We are glad to release Stream Enrich 1.1.2, quickly after Stream Enrich 1.1.1 got released. This is the first release from its new home snowplow/stream-enrich. Common Enrich, the underlying library used by Beam Enrich and Stream Enrich, also got moved to its new home snowplow/common-enrich.

Version 1.1.1 adds Sentry integration: if an unhandled exception is thrown by Common Enrich (even though it should never be the case), this is caught and sent to Sentry, if configured.

Version 1.1.2 fixes a bug introduced in 1.1.0 where the user agent of the HTTP request is used instead of ua query string parameter.

2 Likes

Hey @BenB!

Thanks for the quick bug fix release.

When I upgraded to R119 the stream-enrich version in the migration guide was pointing to 1.1.0 which included the useragent bug.

I’ve now updated to stream-enrich 1.1.2, but I would like to reprocess the few days of data which ended with a wrong useragent.

I was trying to use the last version of spark-enrich (which I know is not maintained anymore). I cannot run it on EMR (with a default spark installation) because it is compiled for Scala 2.12 and give the following error when starting.

java.lang.NoSuchMethodError: scala.Product.$init$(Lscala/Product;)V

I wanted to rebuild a version using scala 2.11, however the common-enrich artifact is only published for scala 2.12.

I managed to run spark_enrich locally, but I still need to reconfigure a few enrichments to get the same result from my stream-enrich pipeline.

Is there an easier way than running everything locally to reprocess these events?

Thanks in advance for your answer.

Hi @AcidFlow,

I see 2 solutions:

  1. Rebuild common-enrich with Scala 2.11 and publish it to a custom repo (e.g. local) and use it to compile Spark Enrich

  2. Provided that you archive raw data on s3, write a Flink or Spark job to read this raw data from s3 and insert it back to Kinesis raw topic.

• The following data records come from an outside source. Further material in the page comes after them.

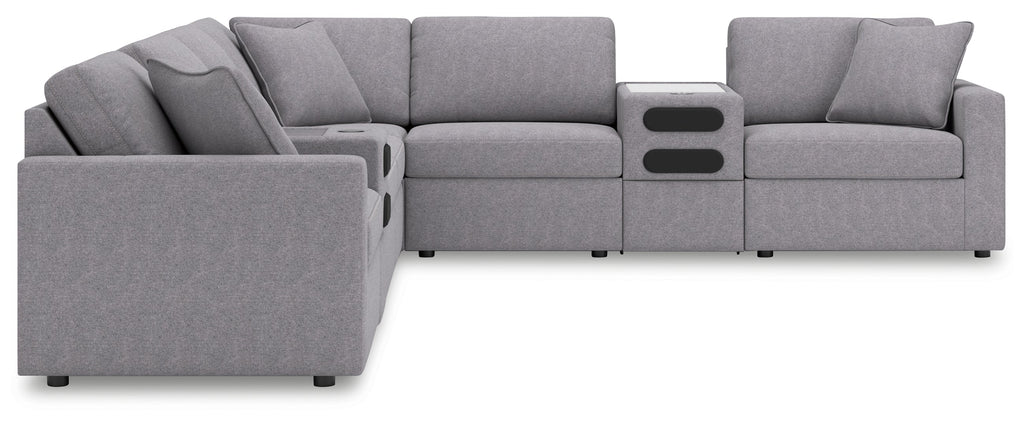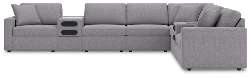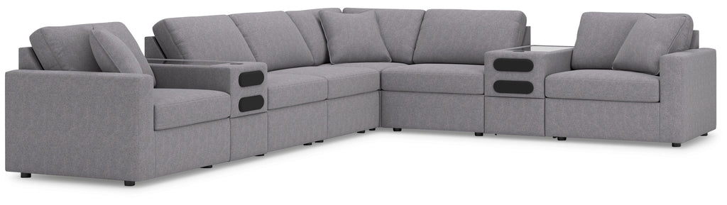 - Includes 8 modular pieces: left-arm facing corner chair, 2 audio consoles with storage, 3 armless chairs, wedge and right-arm facing corner chair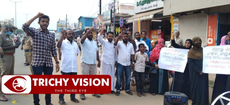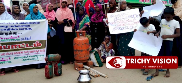 கேஸ் சிலிண்டர் விலை உயர்வை கண்டித்து எஸ்டிபிஐ கட்சியினர் மற்றும் விமன் இந்தியா மூவ்மெண்ட் சார்பாக திருவெறும்பூர் பகுதியில் உள்ள ரயில் நகர் பஸ் ஸ்டாப் அருகில் மாபெரும் கண்டன ஆர்ப்பாட்டம் நடைபெற்றது.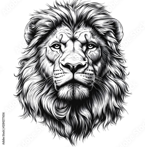 Fototapeta premium Stunning artistic design of a lion head tattoo featuring majestic mane and...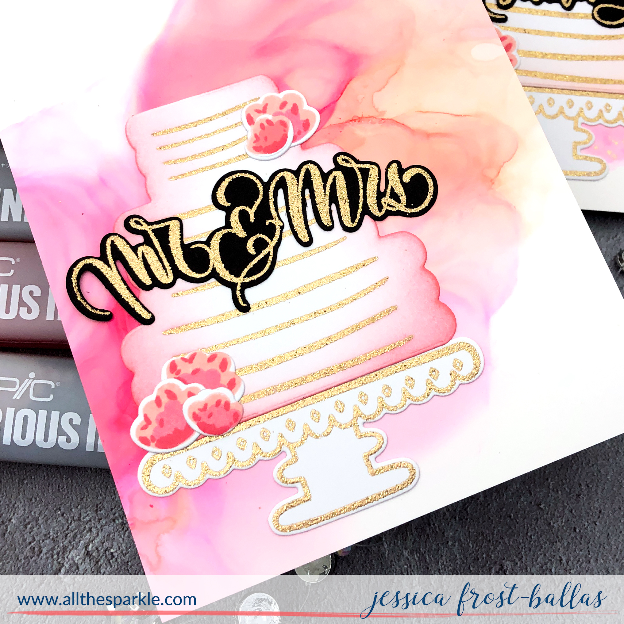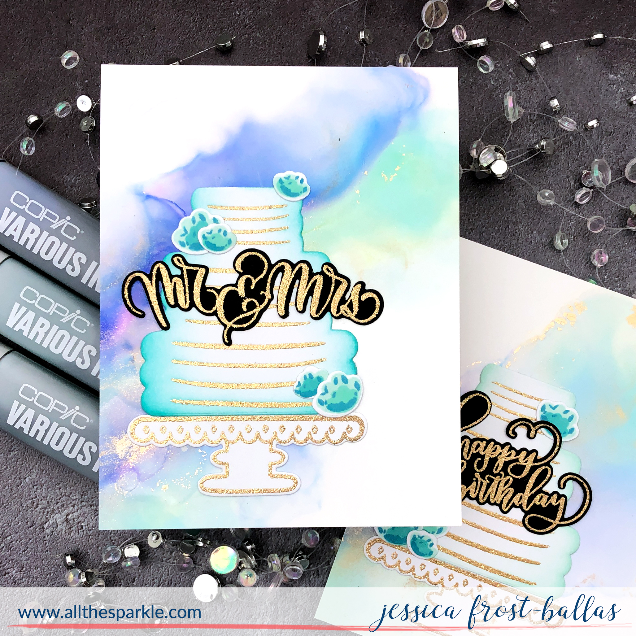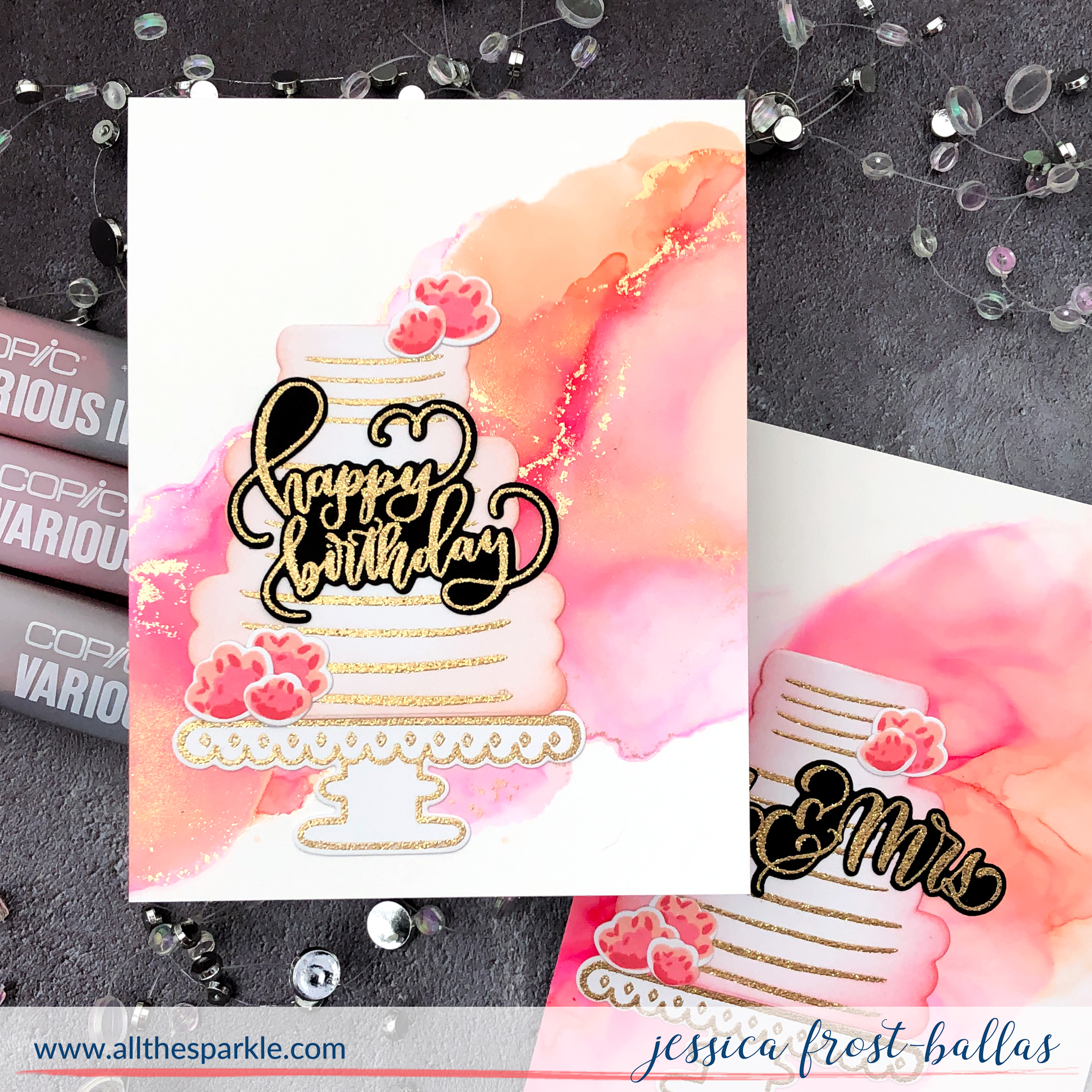 Good morning! Today I’m sharing a video pairing alcohol ink backgrounds with beautiful stamped cakes from Gina K Designs to create a quartet of cards perfect for birthdays, weddings, or anniversaries!

Please be aware that both of these methods would create duplicates, as enriched events have already been emitted (but with the wrong user agent).

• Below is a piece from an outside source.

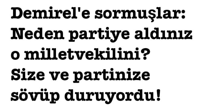 Demirel’e sormuşlar: Neden partiye aldınız o milletvekilini? Size ve partinize sövüp duruyordu! Süleyman Demirel: Oradayken bize bağırıyordu. Şimdi bizim kapıya bağlayacağız o tarafa havlayacak! (siyaset işte tam olarak böyle değil mi. Ve böyle o kadar çok kiş var kş neyse)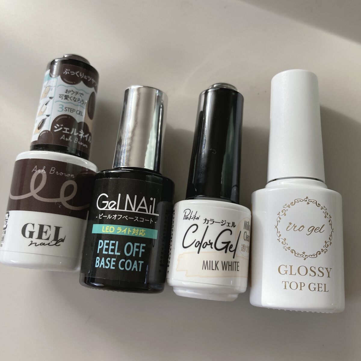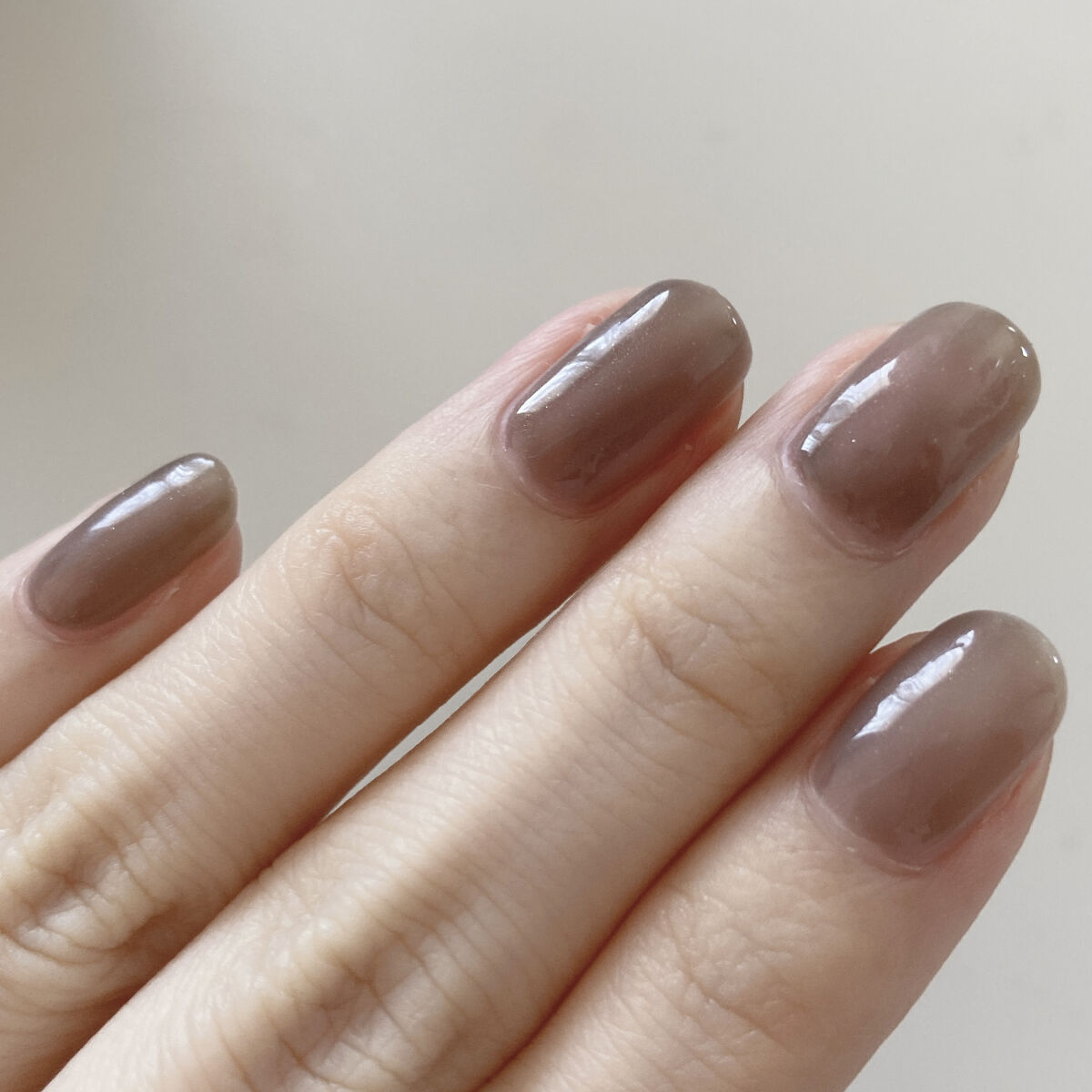 ローズブラウンだけこの中だとすこし透明感が低い色 落ち着いたカラーで使いやすいです 他2つはクリア度が高い色ですベースカラーが透明のままだと 自爪の色が透けてもっとピンクぽさが強く出ます ベース:セリア ピールオフベース トップ:ネイルタウン irogel グロッシートップ (ノンワイプトップ)

Is it something that you could do?

Okay actually I’m a bit lucky.

EMR 6.0.0 since its beta2, supports Spark with Scala 2.12.

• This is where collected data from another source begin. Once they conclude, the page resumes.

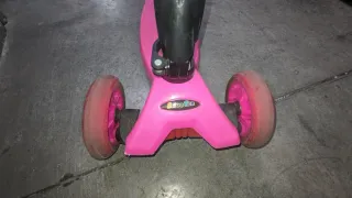 Patinete de tres ruedas en color morado. - Manillar ajustable. - Plataforma ancha para mayor estabilidad. - Ruedas de goma. - Hasta 70 kilogramos. - Marca Micro. - Comprado en Dideco.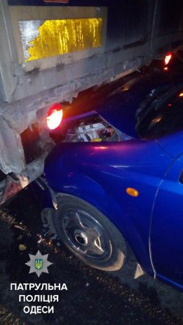 Сегодня ночью на автодороге "Киев - Одесса" водитель автомобиля ВАЗ совершил столкновение с грузовиком и скрылся. Далеко уехать ему не дал полицейский патруль.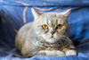 Отдам в добрые руки некрупную молодую кошечку помесь британки.

So I can run spark-enrich on this EMR release.

I guess I’ll still have to tweak one or two enrichments and maybe create some bootstrap scripts to copy the GeoIP database and referer-latest.

But without these enrichments I was able to reprocess my events :slight_smile:

Good to hear! :slight_smile:

I guess I’ll still have to tweak one or two enrichments and maybe create some bootstrap scripts to copy the GeoIP database and referer-latest .

But without these enrichments I was able to reprocess my events

As long as your data comes from the main trackers (which generate event ID), and not eg. webhook (in which case event ID is generated during enrich process), then you’d likely be able to work your way around this using SQL.

Event ID in that case would be the same for the same event, so you could write some logic to create a single row per event with only the values that were correctly processed, then overwrite the two sets of half-correct events with that.

Thanks @Colm!

I like the idea, and it would work in our case as these events are issued by a Java tracker.

I’ll keep you posted on the result !

:+1: It’s probably obvious, but since a destructive operation is involved it’s best to be explicit - I would definitely output the query to a separate table and double check results before any overwrite. :slight_smile:

Hello folks!

Good news everyone, re-processed data seem to be correct! :tada:

As @Colm suggested, I only applied useragent enrichments, and then updated existing records with the re-processed values in SQL.

Thanks for the assist and have a nice day :slight_smile:

Great to hear @AcidFlow! :tada: